- Born: 12 December 1921 Pluscarden, Elgin, Moray
- Died: 26 January 2007 (aged 85) Haslemere, Surrey
- Allegiance: United Kingdom
- Branch: Royal Navy
- Service years: 1940–1975
- Rank: Rear-Admiral
- Commands: HMS Norfolk (1971) HMS Afrikander (1967–69) HMS Dido (1963–65) HMS Venus (1956–58)
- Conflicts: Second World War
- Awards: Companion of the Order of the Bath

= James Dunbar Cook =

Royal Navy Admiral (1921–2007)

Rear-Admiral James William Dunbar "Bill" Cook (12 December 1921 – 26 January 2007) was a senior Royal Navy officer.

==Naval career==
Born on 12 December 1921, James Dunbar Cook was educated at Bedford School and HMS Worcester.
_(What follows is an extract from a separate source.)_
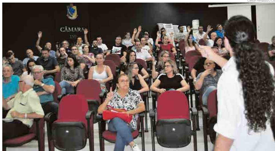
População votou nas adequações do Plano Diretor

Caucionamento e descaucionamento dos lotes - O caucionamento é a garantia que o loteador dá ao município de que vai terminar. O descaucionamento poderá ser parcial: ao final das obras de terraplena-

He was commander of HMS Venus, HMS Dido and HMS Norfolk. He was senior british naval officer in South Africa, between 1967 and 1969, director of the Royal Naval War College, between 1969 and 1971, and assistant chief of the naval staff, between 1973 and 1975.

Rear Admiral James Dunbar Cook retired from the Royal Navy in 1975 and was invested as a Companion of the Order of the Bath in the 1975 New Year Honours. He died on 26 January 2007.